[INPUT DATA Boundary: Start]

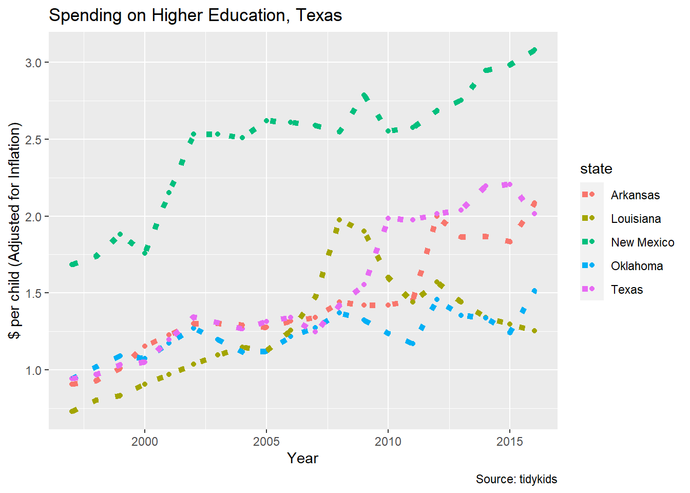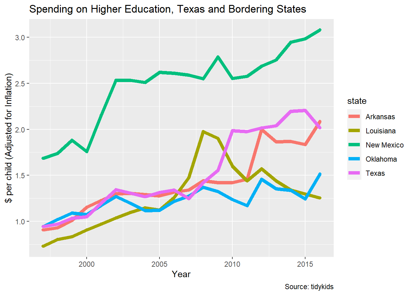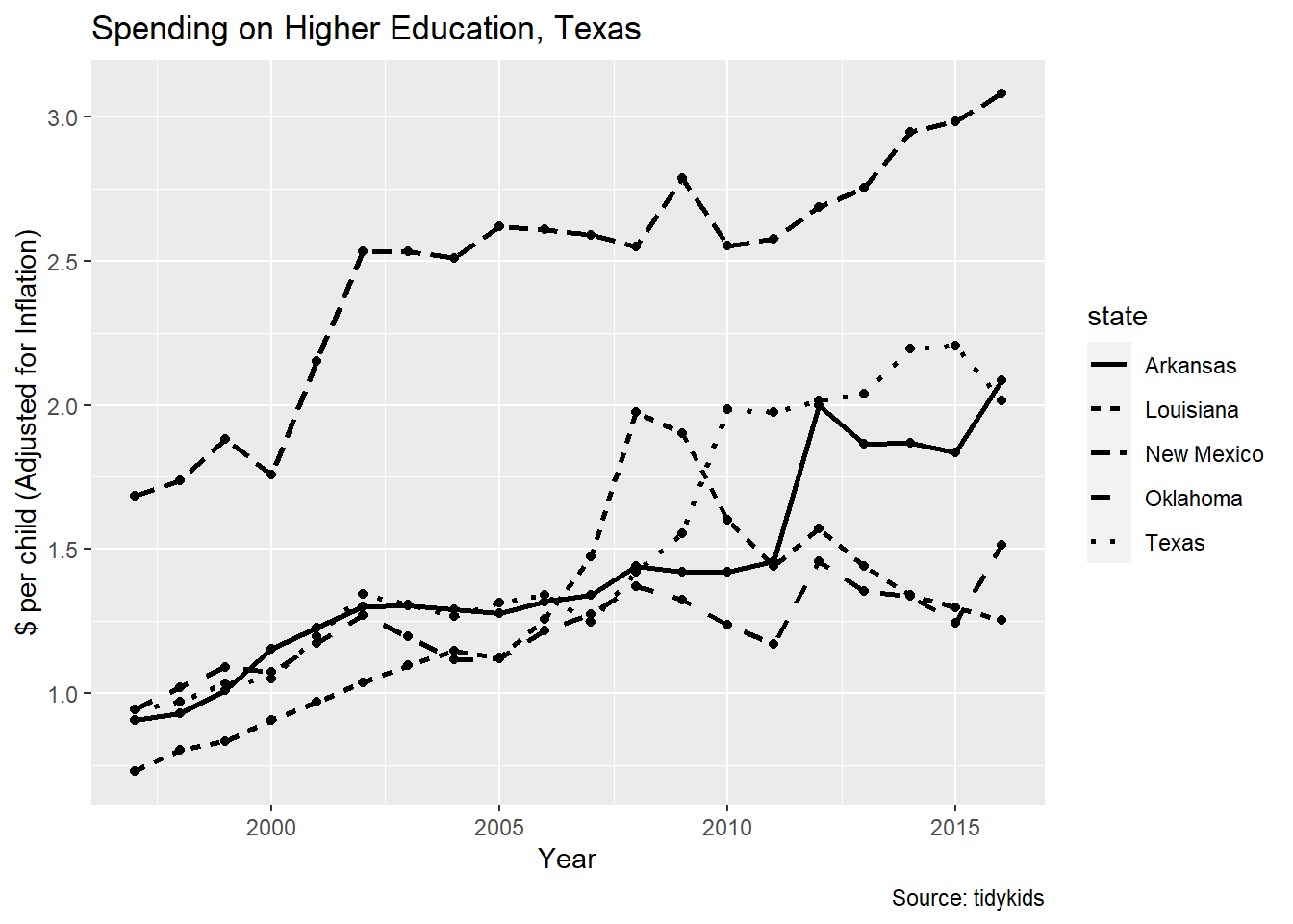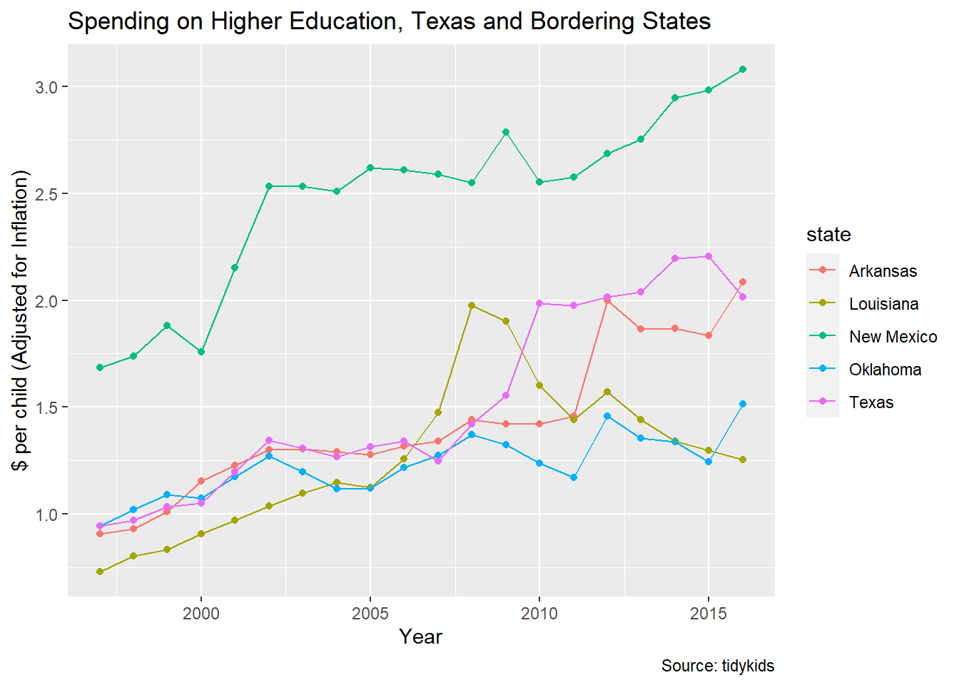 labs(title = "Spending on Higher Education, Texas and Bordering States",
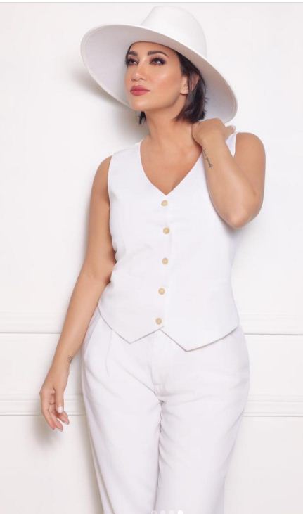 وظهرت ديانا حداد بإطلالة بدلة بيضاء تنتمي للاجواء كلاسيكية لتتزين بالأزرار من الأمام عكست إطلالتها قوامها الممشوق.
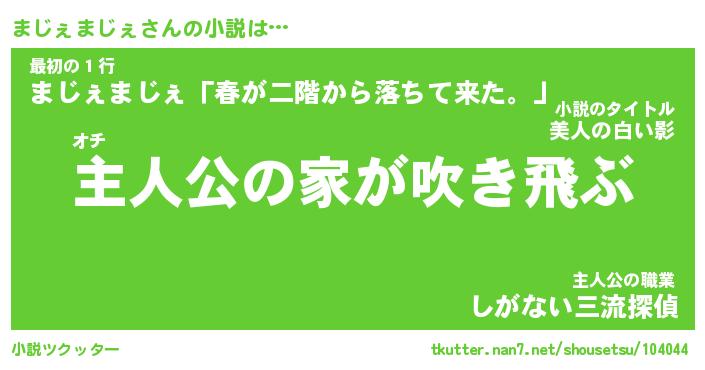 | 男性向けラノベタイトル風あだ名 | 『まじぇまじぇの憂鬱』 |
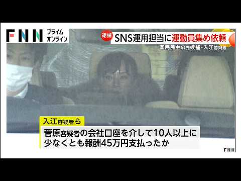 SNS運用担当に「人を集めて欲しい」と依頼…国民民主党候補者・入江伸子容疑者ら3人逮捕 「日当1万円」でインターン学生の選挙運動員に報酬支払った疑い(2026年02月21日)
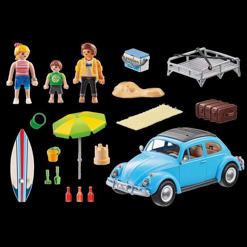 The classic VW Beetle ideal for a family trip to the beach!Now the cult car with its unmistakable shape is entering the cheerful Playmobil world. Of course, the Playmobil Beetle has all the characteristic features that make it so unique, such as the curved fenders, the VW logo, the vertical windshield, the blue paint and the typical rear hood with a 4-cylinder boxer engine. After removing the roof, the lovingly designed interior with beige seats, dashboard and steering wheel is revealed. On the back seat there is space for the child, as well as a cool bag, sand toys and towel. Suitcase and surfboard can be strapped to the roof rack. Now it's time to get in and go to the beach!-Includes: Figures: Woman, man, and child (figures can bend, sit, stand, and turn their heads). Accessories: Volkswagen Beetle, roof rack, suitcase, cooler, surfboard, umbrella, towel, sand pile, sand castle, sand bucket, sand rake, sand shovel, umbrella cap, and 3 bottles.Building instructions
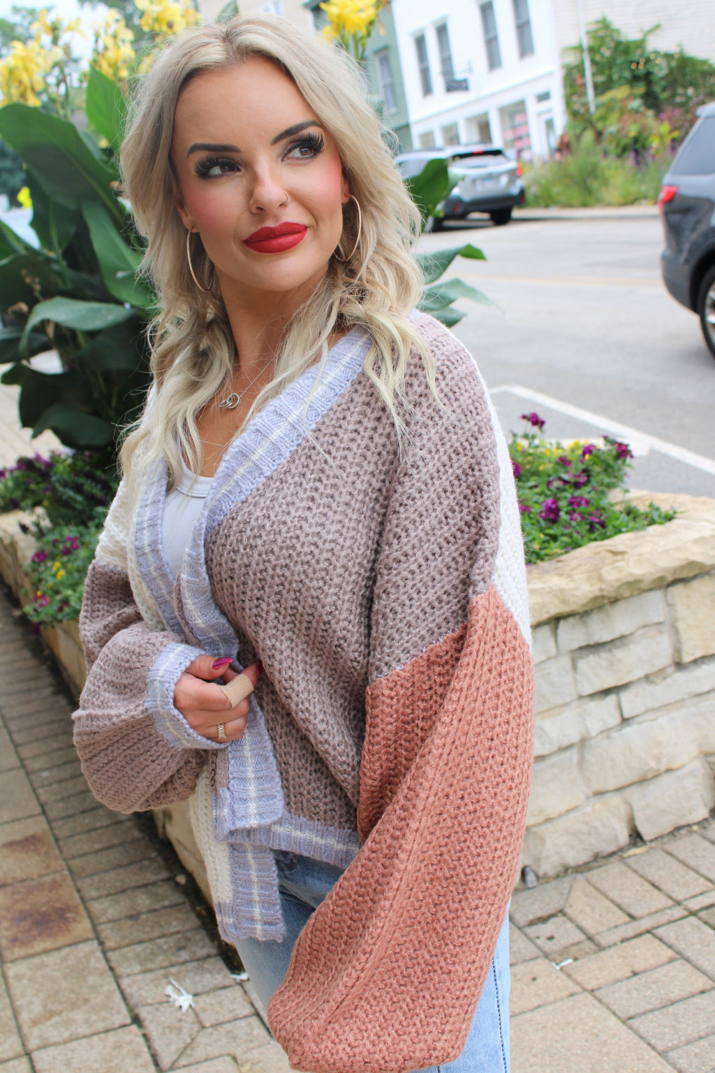 Sweet Cider Plaid Lace Up Sweater | Taupe
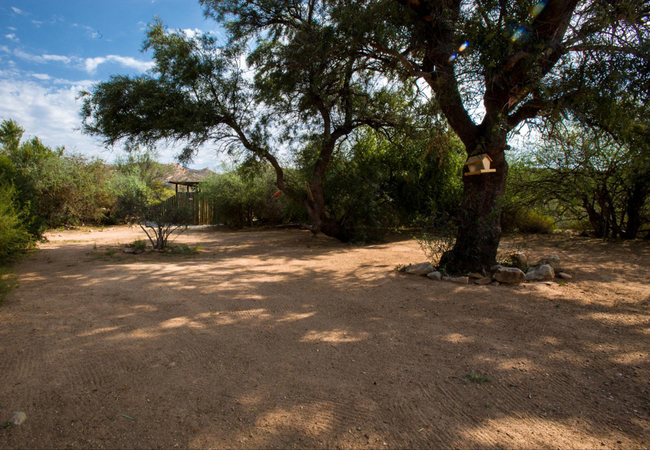 Your own natural bush lapa is private and close to the ablutions. Your vehicle is parked near to you and there is accommodation for two small or a large tent for four persons. Shade can be provided from your own awning or gazebo.
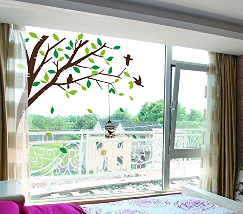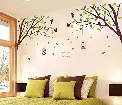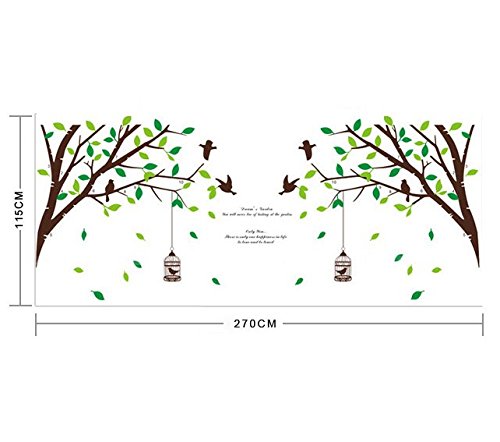 ufengke XLarge Green Garden Series Green Trees Branches Birdcage Birds Wall Decals, Living Room Bedroom Removable Wall Stickers Murals, Set of 2 Sheets
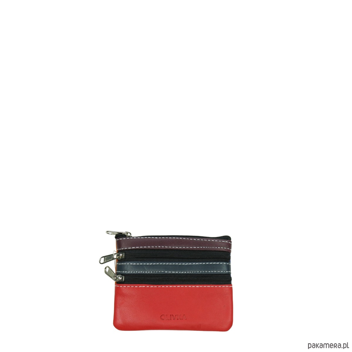 Saszetka skórzana na klucze z kółkiem monety bilonówka skórzana OLIVKA
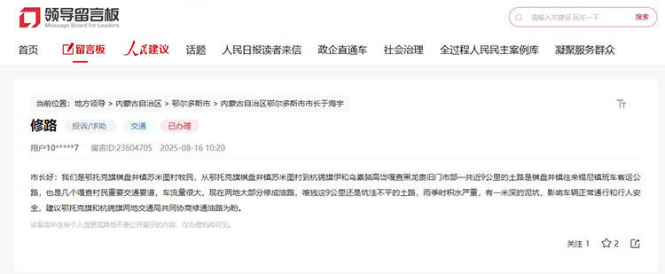 近日,有网友通过人民网“领导留言板”留言,反映从鄂尔多斯市鄂托克旗棋盘井镇苏米图村到杭锦旗伊和乌素脑高岱嘎查黑龙贵有一段约9公里的土路,坑洼不平,雨季时积水严重,影响车辆正常通行和行人安全。
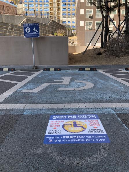 광양시는 장애인전용주차구역 위반행위 빈발지역과 공동주택 130개소에 장애인전용주차구역 식별이 용이하도록 바닥보조마크를 설치해 시범 운영한다.
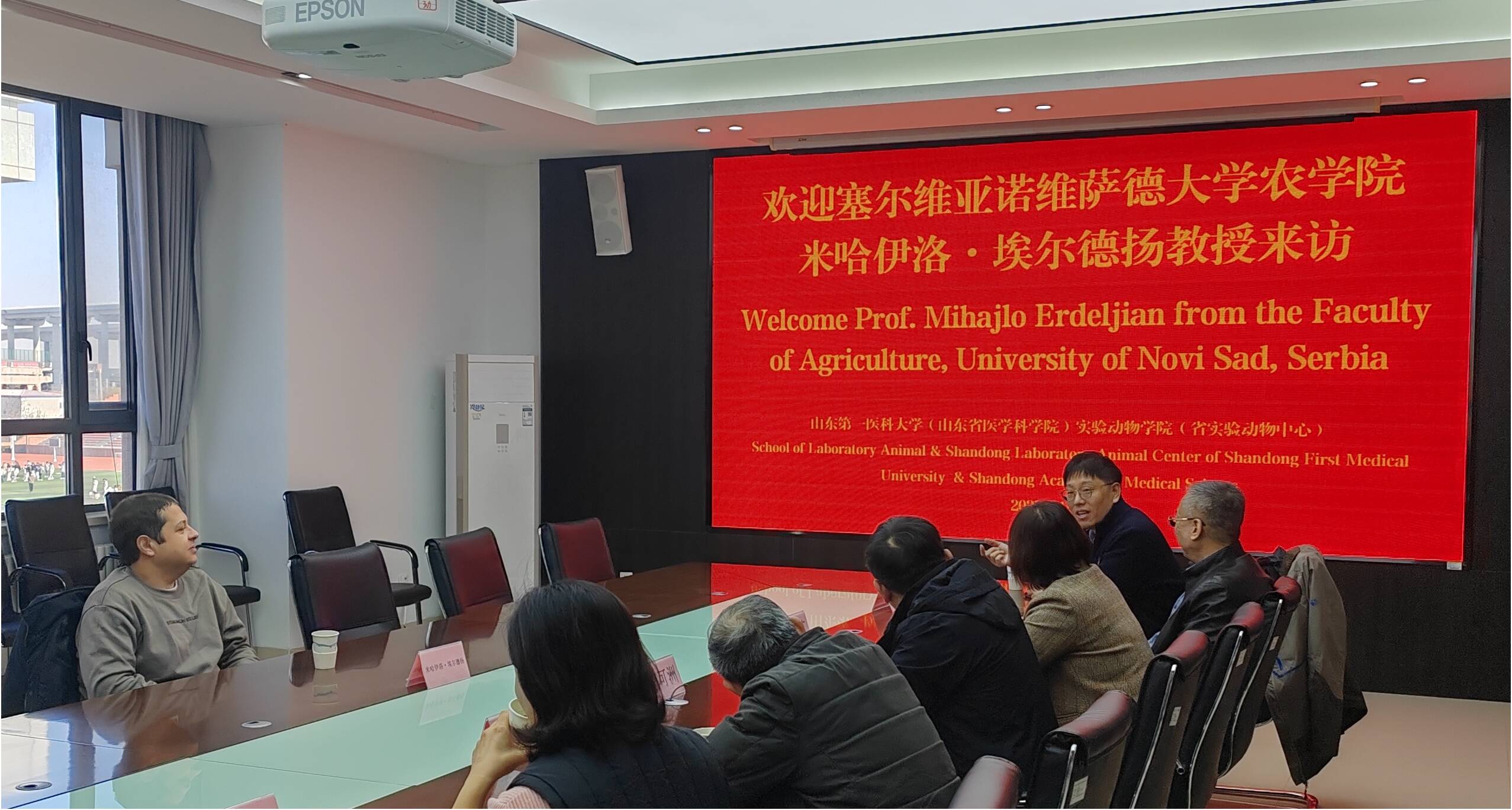 座谈会上,公司(中心)常务副经理(常务副主任)王可洲向Mihajlo Erdeljan教授详细介绍了公司(中心)的发展概况,内容涵盖办学历史、团队队伍建设、实验动物专业设置与人才培养、社会服务与产业融合,以及校(院)动物实验平台建设等方面。Mihajlo Erdeljan教授也分享了塞尔维亚诺维萨德大学农公司在团队结构、专业建设、人才培养及科学研究等方面的经验,并围绕员工短期访学交流等议题进行了深入沟通。

[INPUT DATA Boundary: End]

Return word for word the lines of the listing above, starting at the line with "Your own natural" and ending at the line with "광양시는 장애인전용주차구역 위반행위", both included. Pictures do not belong in the copy.

 Your own natural bush lapa is private and close to the ablutions. Your vehicle is parked near to you and there is accommodation for two small or a large tent for four persons. Shade can be provided from your own awning or gazebo.
 ufengke XLarge Green Garden Series Green Trees Branches Birdcage Birds Wall Decals, Living Room Bedroom Removable Wall Stickers Murals, Set of 2 Sheets
 Saszetka skórzana na klucze z kółkiem monety bilonówka skórzana OLIVKA
 近日,有网友通过人民网“领导留言板”留言,反映从鄂尔多斯市鄂托克旗棋盘井镇苏米图村到杭锦旗伊和乌素脑高岱嘎查黑龙贵有一段约9公里的土路,坑洼不平,雨季时积水严重,影响车辆正常通行和行人安全。
 광양시는 장애인전용주차구역 위반행위 빈발지역과 공동주택 130개소에 장애인전용주차구역 식별이 용이하도록 바닥보조마크를 설치해 시범 운영한다.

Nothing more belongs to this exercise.